• _Task to complete_
Every line below from the one with "GEO145 Beautiful white" through the one with "I didn't want" should be retyped exactly, both ends included; no other lines and no pictures.

• _Input data_
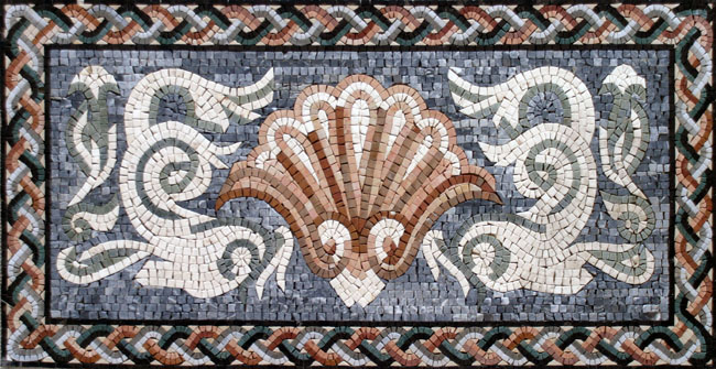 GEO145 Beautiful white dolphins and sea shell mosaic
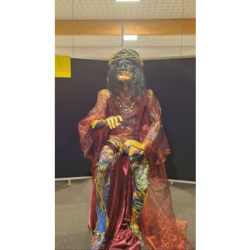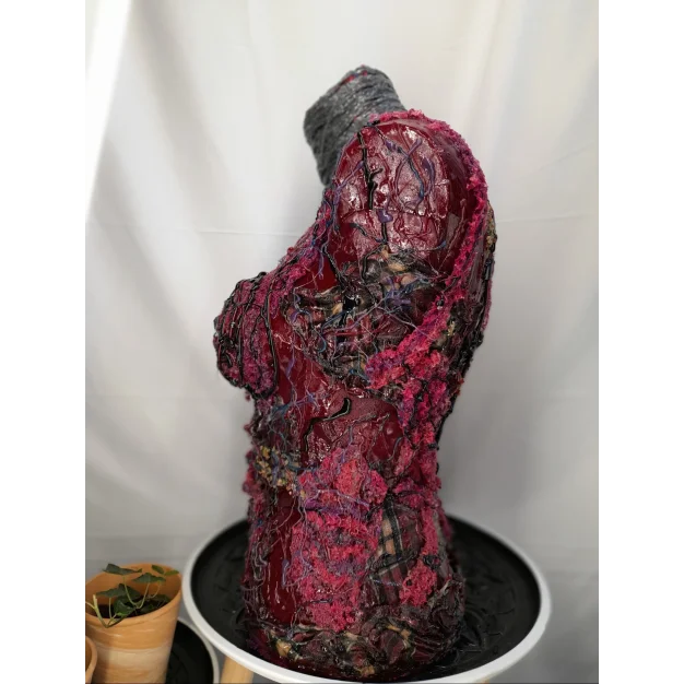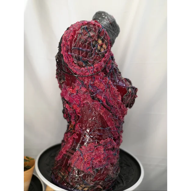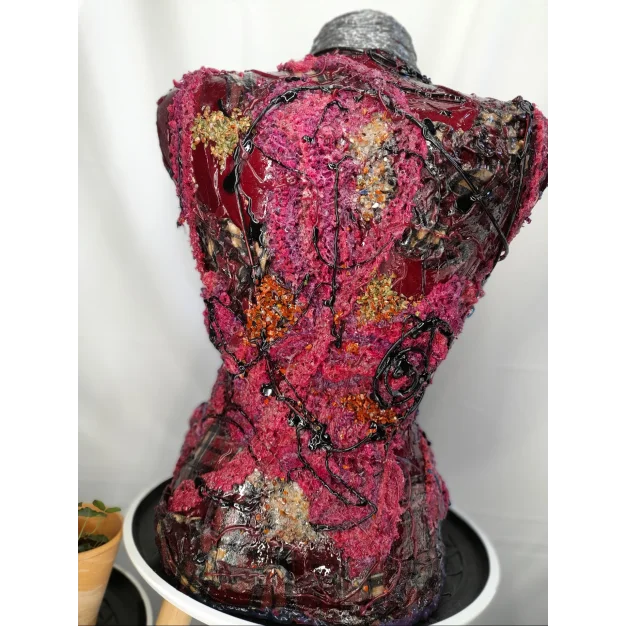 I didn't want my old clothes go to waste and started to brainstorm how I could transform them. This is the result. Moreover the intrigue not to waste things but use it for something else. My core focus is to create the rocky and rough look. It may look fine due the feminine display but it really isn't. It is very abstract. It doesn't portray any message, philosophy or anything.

---

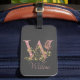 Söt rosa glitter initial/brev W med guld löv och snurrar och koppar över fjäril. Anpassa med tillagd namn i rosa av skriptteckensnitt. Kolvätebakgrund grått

• _Answer space_
 GEO145 Beautiful white dolphins and sea shell mosaic
 I didn't want my old clothes go to waste and started to brainstorm how I could transform them. This is the result. Moreover the intrigue not to waste things but use it for something else. My core focus is to create the rocky and rough look. It may look fine due the feminine display but it really isn't. It is very abstract. It doesn't portray any message, philosophy or anything.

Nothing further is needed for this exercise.